My own approach to patients with apparently sporadic pheochromocytoma is to measure plasma metanephrines 1 month after surgical resection to make sure there is no hidden tumor somewhere. Too early measurements can be false positive because I suspect based on my experience that there is some kind of depot of metanephrines in the body that is only depleted in a month. If the metanephrines are normal, I then measure them yearly or whenever they have symptoms suggestive of pheochromocytoma or when an adrenal or other mass is identified incidentally.

If a patient has familial form of pheochromocytoma or a gene mutation is identified, then the patient will have a much higher chance of recurrence or metastasis. Yearly plasma metanephrines are definitely needed. Imaging studies may be indicated depending on which form of familial pheochromocytoma or which gene mutations. Other components of the syndromes need to be screened; patients' family members need to be tested and carriers need to be regularly screened.
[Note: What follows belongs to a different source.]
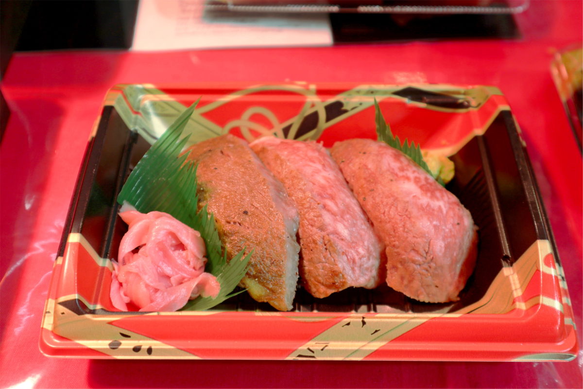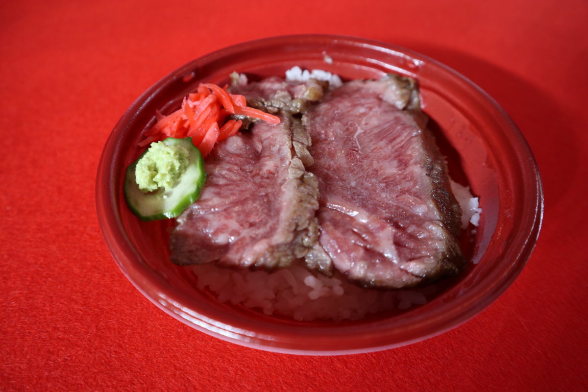 夏と冬の寒暖差、冬の厳しい寒さといった厳しい自然環境のもと、ギュっと旨味が凝縮され美しいサシが入った尾花沢牛。「雪降り和牛」とも呼ばれるそうです。「ローストビーフ握り寿司」「ステーキ握り寿司」、一番人気の「ステーキ&焼肉弁当」 いずれも同じ山形のブランド米「つや姫」を使用。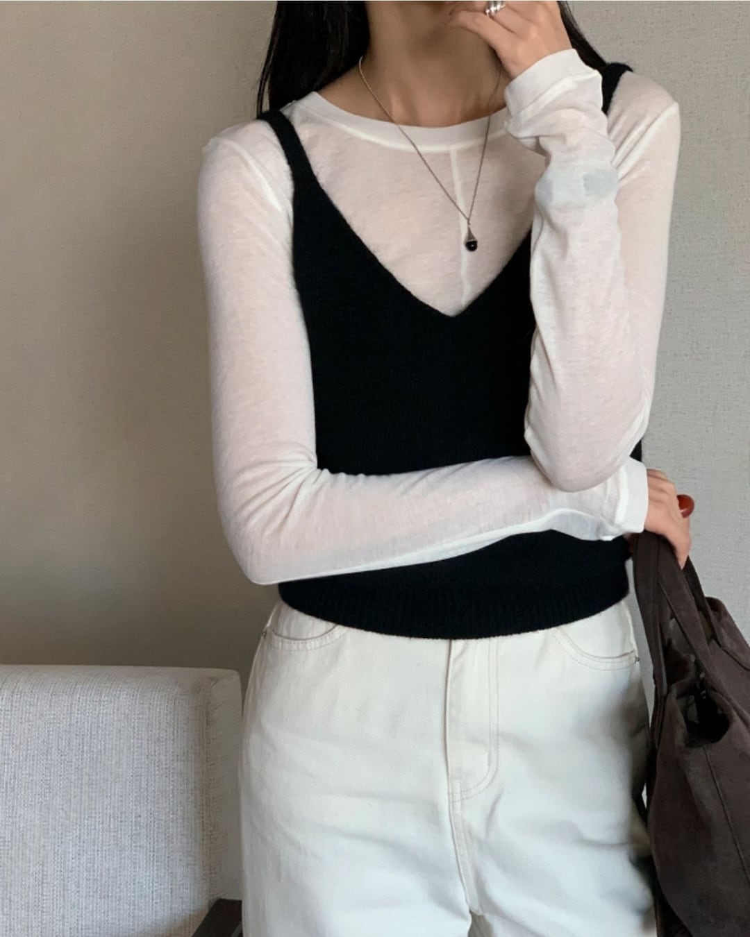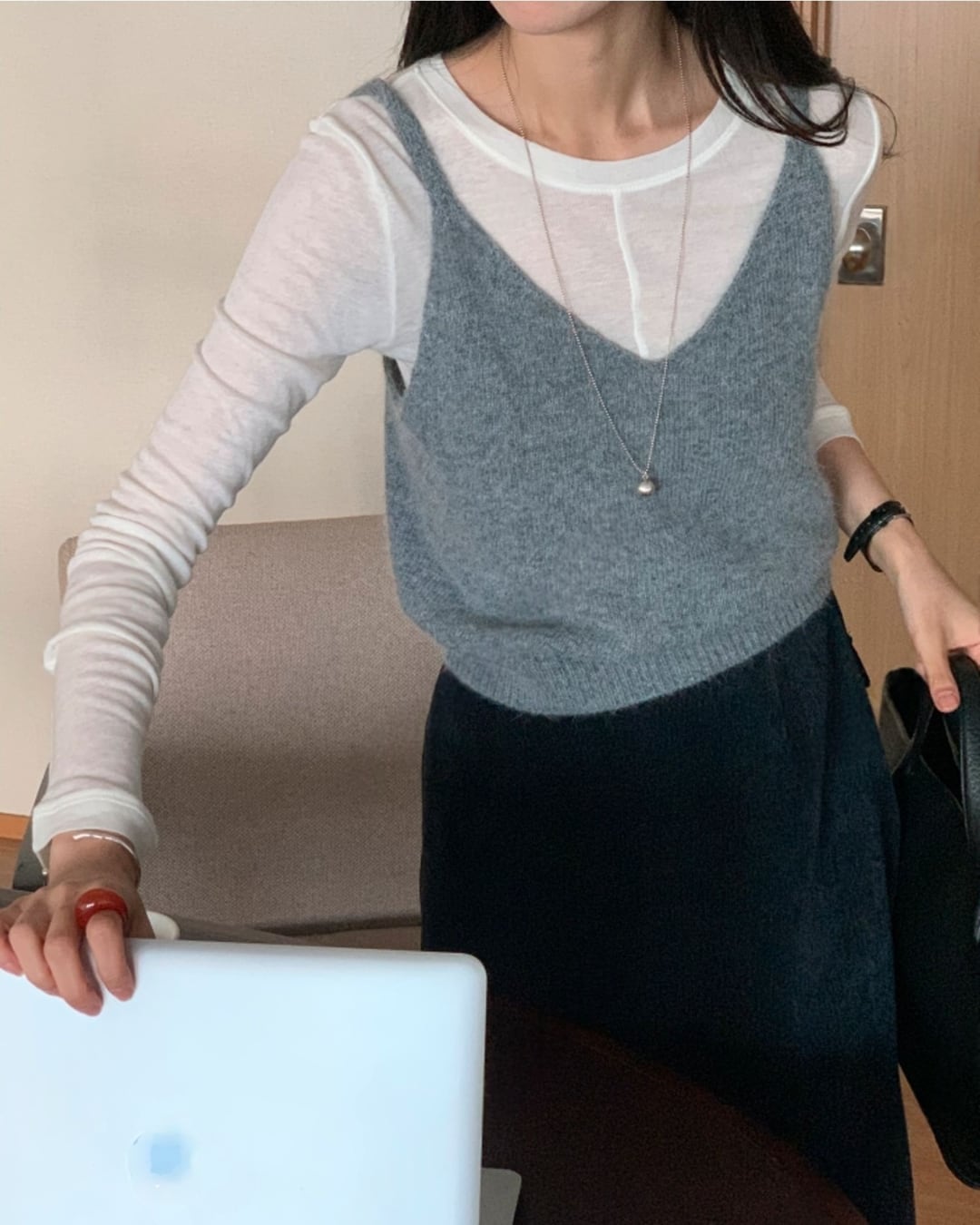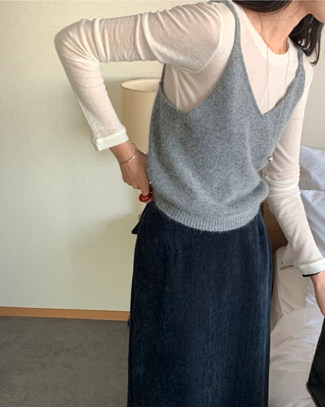#ニットビスチェ #アンゴラニット #ウール素材 #レイヤードコーデ #ツーウェイデザイン

Now I have finished the basic topics on pheochromocytoma. I will write more on my personal experience and more interesting topics. If the contents of my blog are mostly based on my own experience and there is not much existing study on the topic, I will clearly state that at the beginning of the post. I welcome colleagues and patients to critique and to suggest. I will also just use "pheo", instead of the full name.

36 comments:

  1. Do you, as an experienced pheo doctor, see a lot of patients with stories of people who are told they don't have a pheo by inexperienced doctors, when actually the patient does have a pheo?

    I was told by one doctor two years into my hunt that I couldn't possibly have what I have because it's just too rare.. nine years later I got the final diagnosis that I in fact do have it. I was curious if that happens a lot.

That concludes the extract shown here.